La prensa de Barcelona lleva una temporada poniendo énfasis en el cierre de establecimientos emblemáticos, que llevaban muchos años funcionando y que, al final, desaparecen, o cambian de negocio o de localización. Una pérdida, claro, al menos sentimentalmente, y como tal la presentan los medios de comunicación, haciéndose eco de argumentos como “nadie nos ha ayudado”, “los impuestos nos consumen”, “el ayuntamiento no hace nada por salvarnos” o “los clientes nos han abandonado”.
Es verdad: la culpa es siempre de los demás. “Alguien” debió haber hecho algo por nosotros. La economía es exigente. A pesar de la sociedad de la opulencia en que vivimos, los recursos son escasos. Si tu negocio no tiene futuro, si tus clientes no te compran, ¿alguien tiene obligación de ayudarte, si esto significa dedicar recursos a un comercio sin demasiado futuro, cuando hay tantes necesidades que atender? ¿Tiene el propietario del local que renunciar a unos ingresos, si tu empresa no puede pagar el alquiler?

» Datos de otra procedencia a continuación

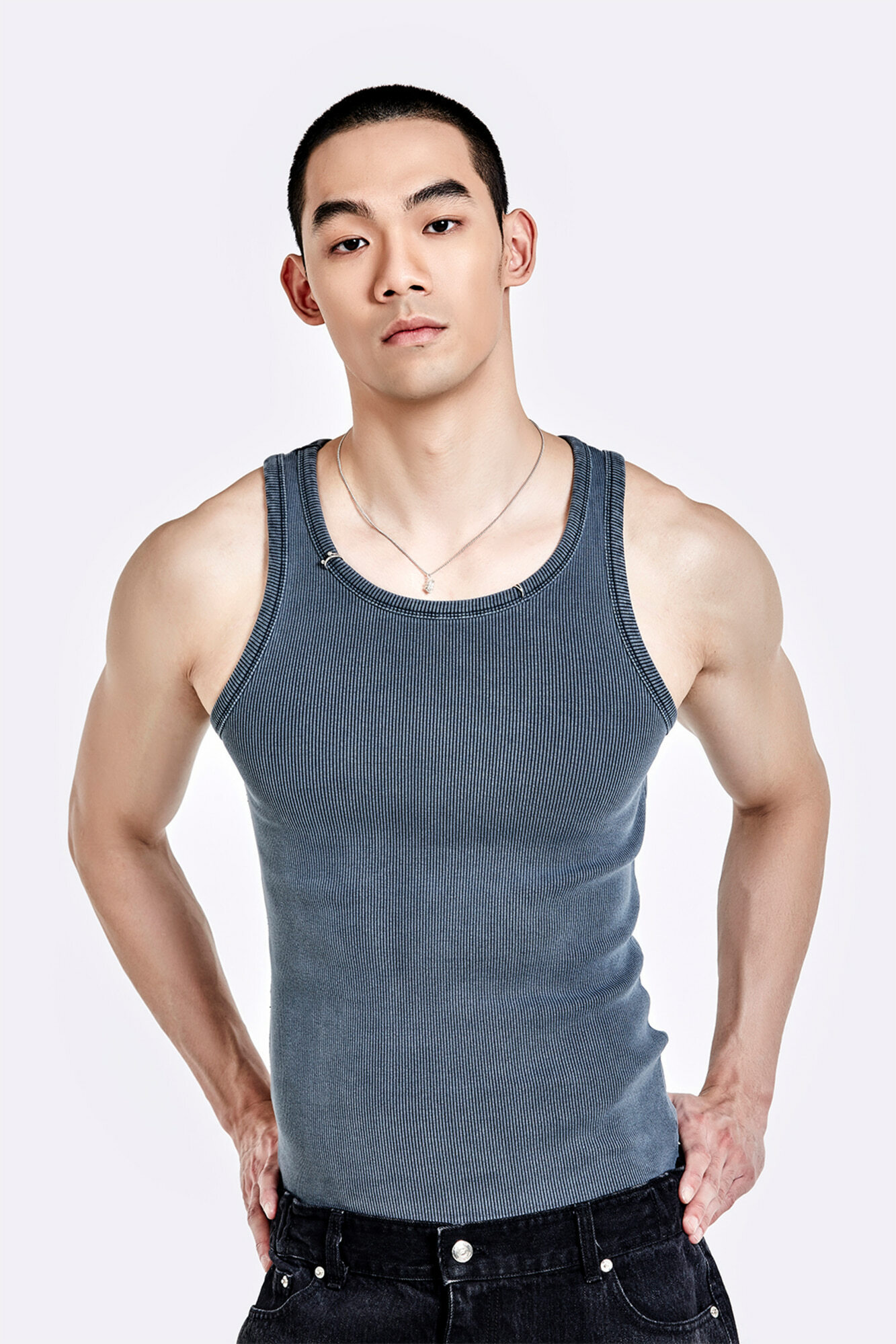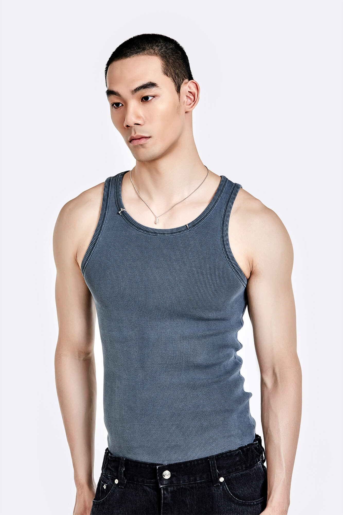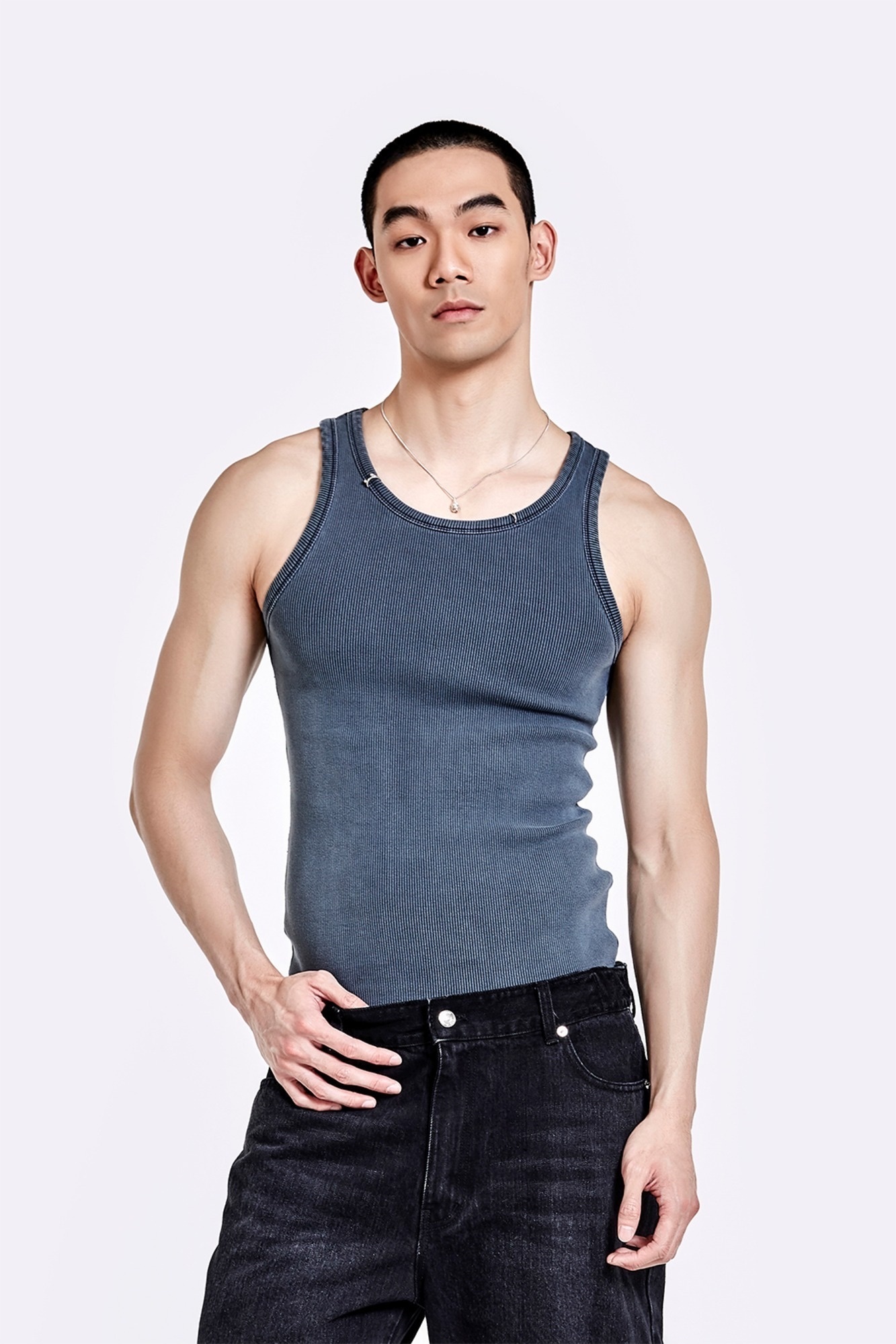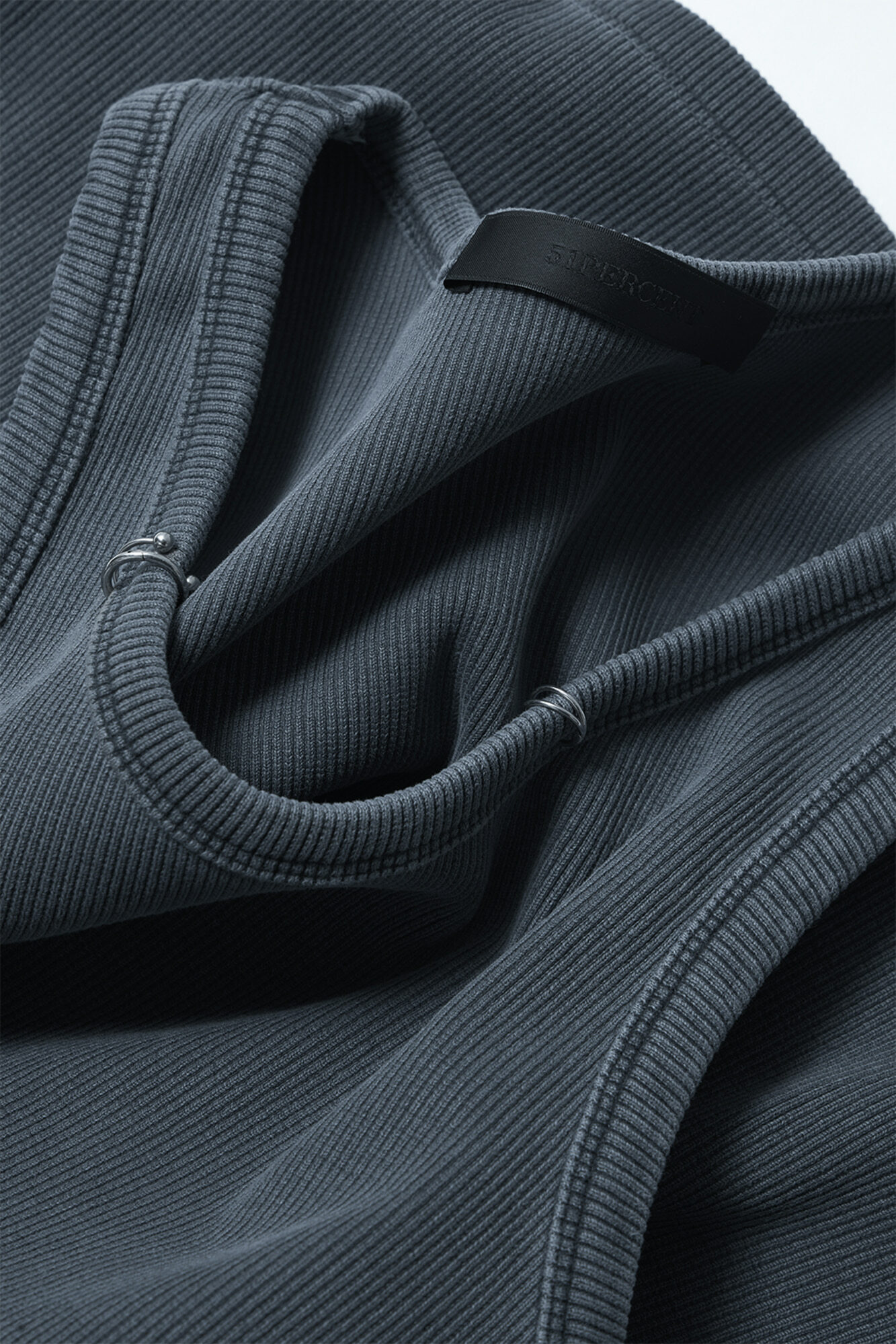 金屬環領背心 - 水洗灰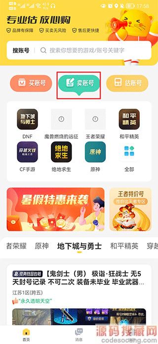 1、下载好app后,点击进入,在首页中点击卖账号。
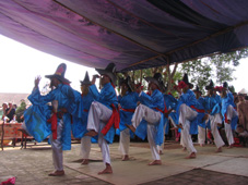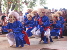 Trong năm điệu múa, thì chỉ ba điệu Chiêm Thành, Hoa Lang và Tú Huần có mặt nạ, đặc biệt trò Chiêm Thành và Hoa Lang người múa không đeo, mà ngậm mặt nạ nửa mặt bởi một chột gỗ vào miệng. Điệu Tú Huần, Hoa Lang và Ngô Quốc có bài hát, và riêng hai đoàn Hoa Lang và Ngô Quốc có nữ Việt ra tiếp đón.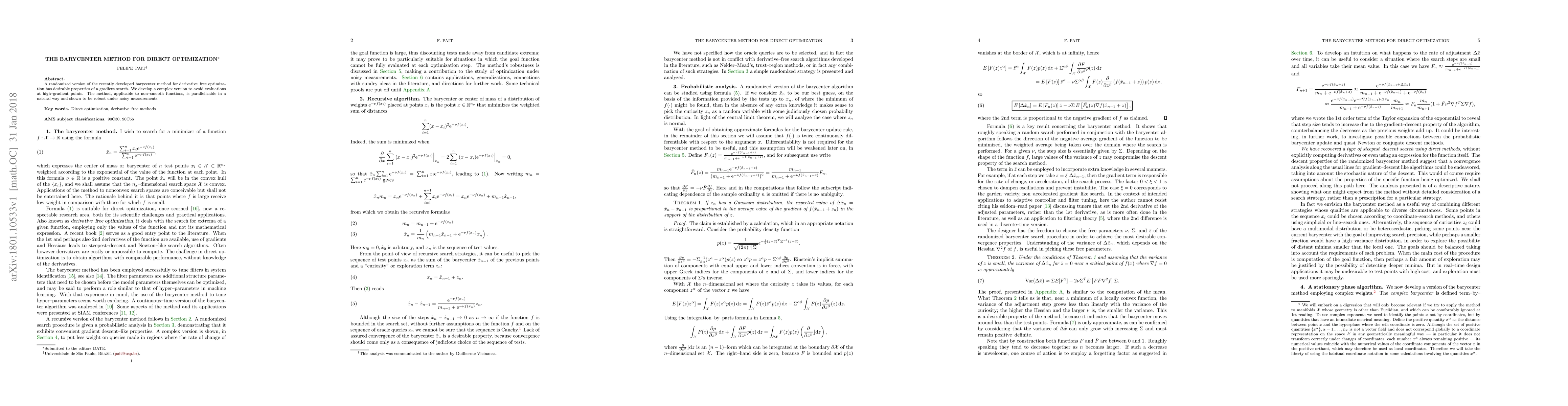A randomized version of the recently developed barycenter method for derivative-free optimization has desirable properties of a gradient search. We develop a complex version to avoid evaluations at high-gradient points. The method, applicable to non-smooth functions, is parallelizable in a natural way and shown to be robust under noisy measurements.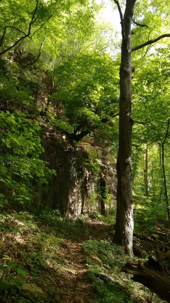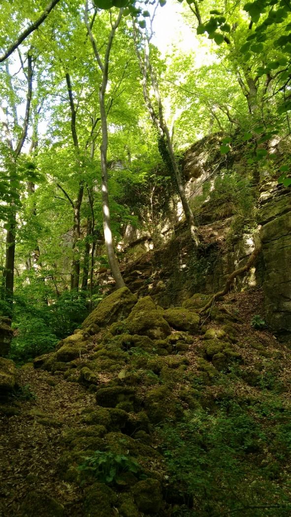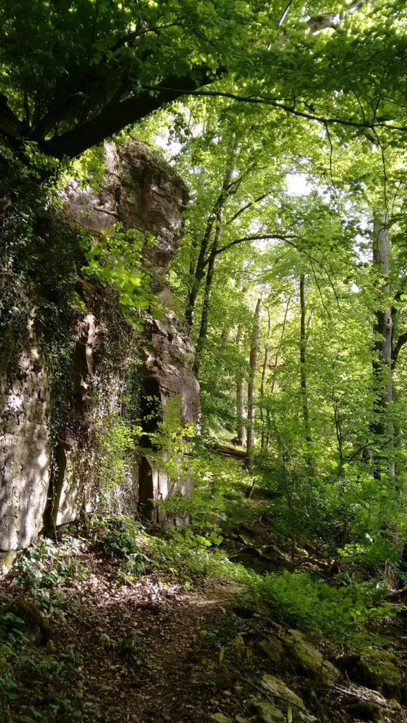 Im Nordwesten hat das Wasser der Sauer durch Erosion am Hangfuß einen Erdrutsch verursacht. Im unteren Teil des bewaldeten Hanges finden sich Mergel, ein Gestein, das aus einer Mischung von Tonmineralen und Dolomit besteht. In den Mergeln kommt Gips vor, der der hier in früherer Zeit abgebaut wurde. Der obere Teil des Hanges wird von Dolomit gebildet, der in einer steilen Felswand aufragt. Vor der Felswand liegen zahlreiche Dolomitblöcke, die durch die Rutschung von der Felswand gelöst wurden. Eine der senkrechten Klüfte in der Dolomitwand, „Kimmhaischen“ genannt, führt zu einer Grotte, die einer Legende nach vom „Kimmfrächen“ bewohnt wird. Diese gespensterhafte Frau soll emsig mit einer Spindel spinnen, und es heißt, dass der, der mit dem Kopf am Felsen lauscht, sie dabei hören könne. Im Frühling und Sommer kann es sein, dass die Geisterfrau ihr unterirdisches Gemach verlässt, sich mit ihrer Spindel auf den Scheitel des Kimmhaischens setzt und beim Spinnen ein uraltes Lied singt, das manchmal zu hören ist.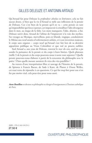 Artaud fut pour Deleuze la "profondeur absolue en littérature". Tous deux partagent justement une conception de la pensée originale, tout à la fois impossible et imprévisible, jumelle de la folie. Les voyages d'Artaud au Mexique, solaire et merveilleux, puis en Irlande, tragique, le condamnèrent à neuf années d'enfermement asilaire. Seul Artaud a, aux yeux de Deleuze, traversé le "mur du sens" : il serait le seul à avoir sondé la puissance de la pensée et du corps. Quels plateaux de la pensée et du corps pouvons-nous à notre tour arpenter ? Quelle pensée pouvons-nous élaborer à partir de la rencontre du philosophe avec le poète ?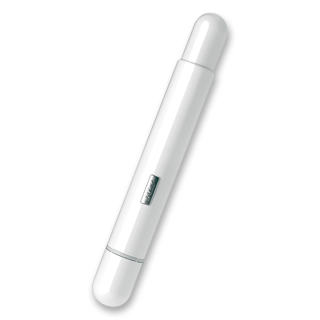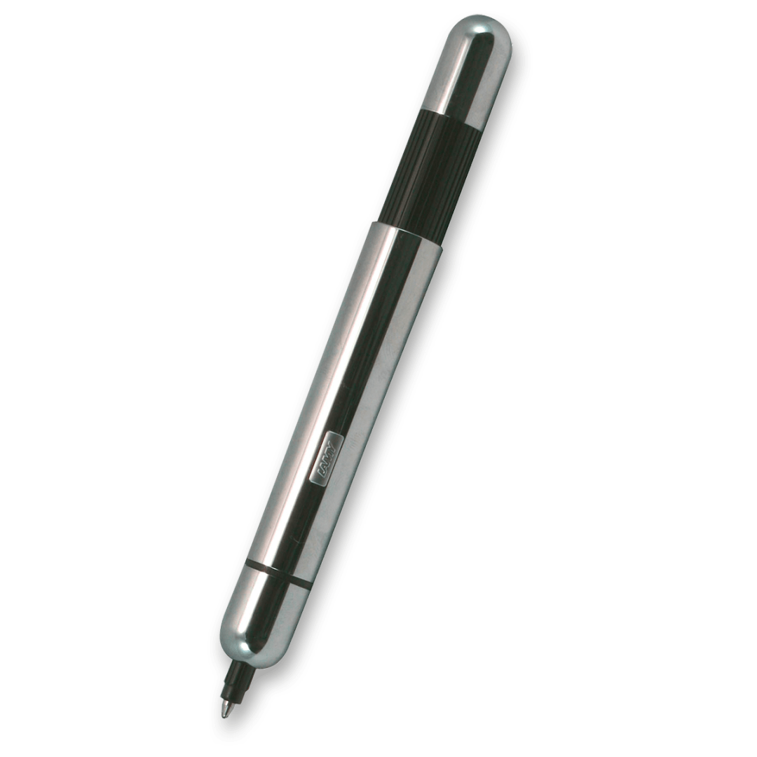 Vreckové guľôčkové pero Lamy Pico s vysoko lešteným pochrómovým telom a logom zabraňujúcim skotúľaniu pera zo stola.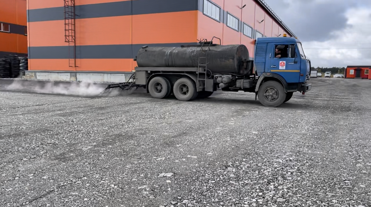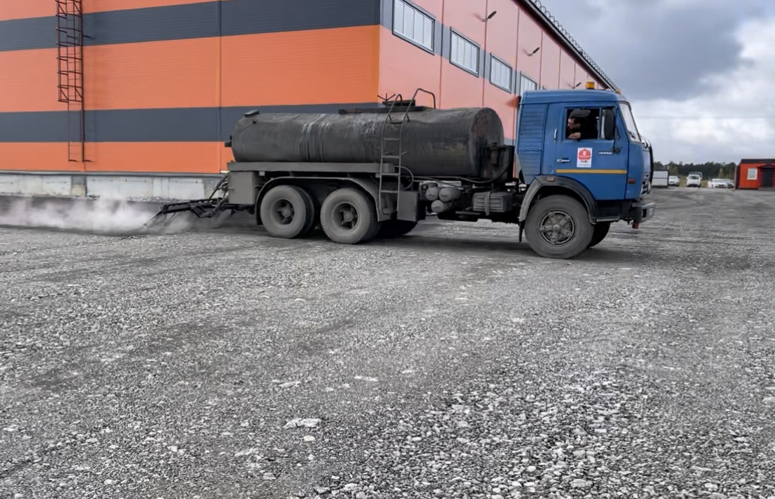 Битумная прошивка: Наша асфальтная крошка с укладкой обязательно проливается битумной эмульсией Под солнцем и весом машин она «спекается» в монолит, сравнимый с асфальтобетоном.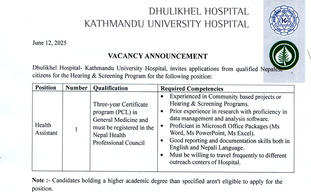 Dhulikhel Hospital Vacancies For The Post of Health Assistant (HA)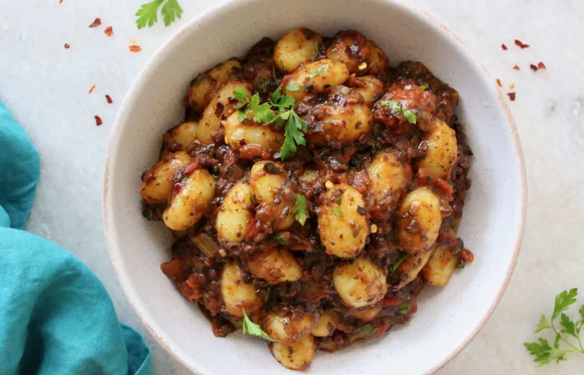 - Toss with gnocchi or wide noodles and serve with extra parsley and chili flakes on top. (The sauce is best the second day after the flavors have had a chance to marry overnight. Only combine with as much pasta as you plan on eating right away and remember to discard the bay, rosemary sprig and kombu if using).Pasta for serving: gnocchi or a flat noodle like pappardelle, fettuccine or tagliatelle.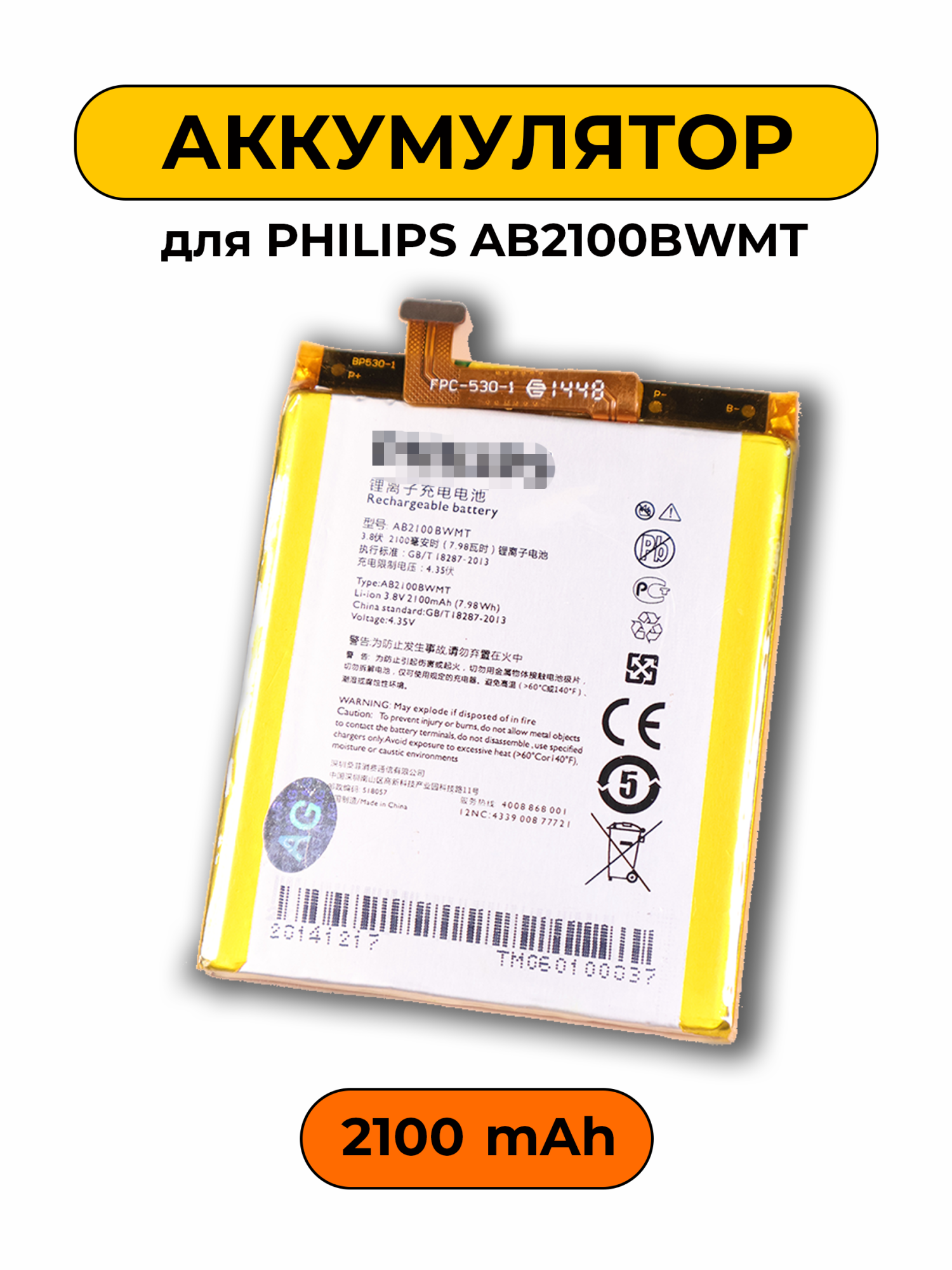 Аккумулятор для PHILIPS AB2100BWMT предназначен для обеспечения длительной работы различных устройств марки PHILIPS. Он разработан с целью повышения эффективной производительности гаджетов, позволяя им работать значительно дольше без необходимости частой подзарядки. Объем аккумулятора составляет 2100mAh, что обеспечивает надежное и стабильное питание для вашей техники.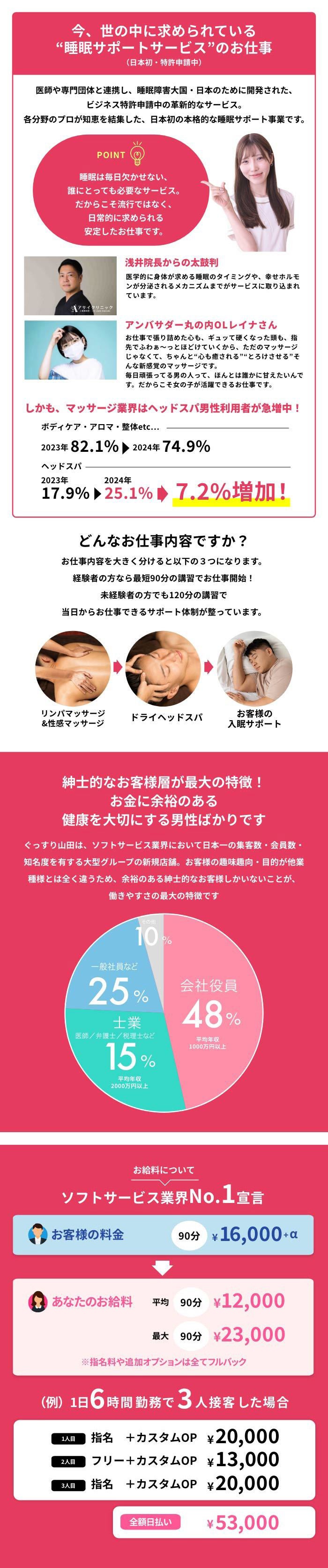 お給料は全額現金で、施術後に即日受け取れます。- どんなお客様が中心ですか?トラブルの心配はありませんか?

Todo suena a muy lamentable, pero esa es la exigencia de la eficiencia. La eficiencia es buena: es usar los recursos del modo más adecuado, aunque no sea el que a nosotros nos gustaría. Y esto vale para las tiendas antiguas (la noticia que provoca mi comentario es el cierre de una tienda de venta de disfraces) y para las nuevas, y para todas las empresas. Por eso, cuando los gobiernos dicen que un banco es “demasiado grande para dejarlo quebrar”, lo que está confesando es que el poder político del banco, o sea, de sus gestores, es demasiado grande. Probablemente debió quebrar ya hace unos cuantos años, y el intento de salvarlo es, simplemente, un mal uso de los recursos de todos. Puede haber excepciones, claro: cerrar un hospital para gente sin recursos porque no es “eficiente” desde el punto de vista económico puede no ser la mejor decisión, porque la eficiencia no es el único criterio. Pero me parece que esto no vale para una tienda de disfraces, cuya función social es eminentemente económica.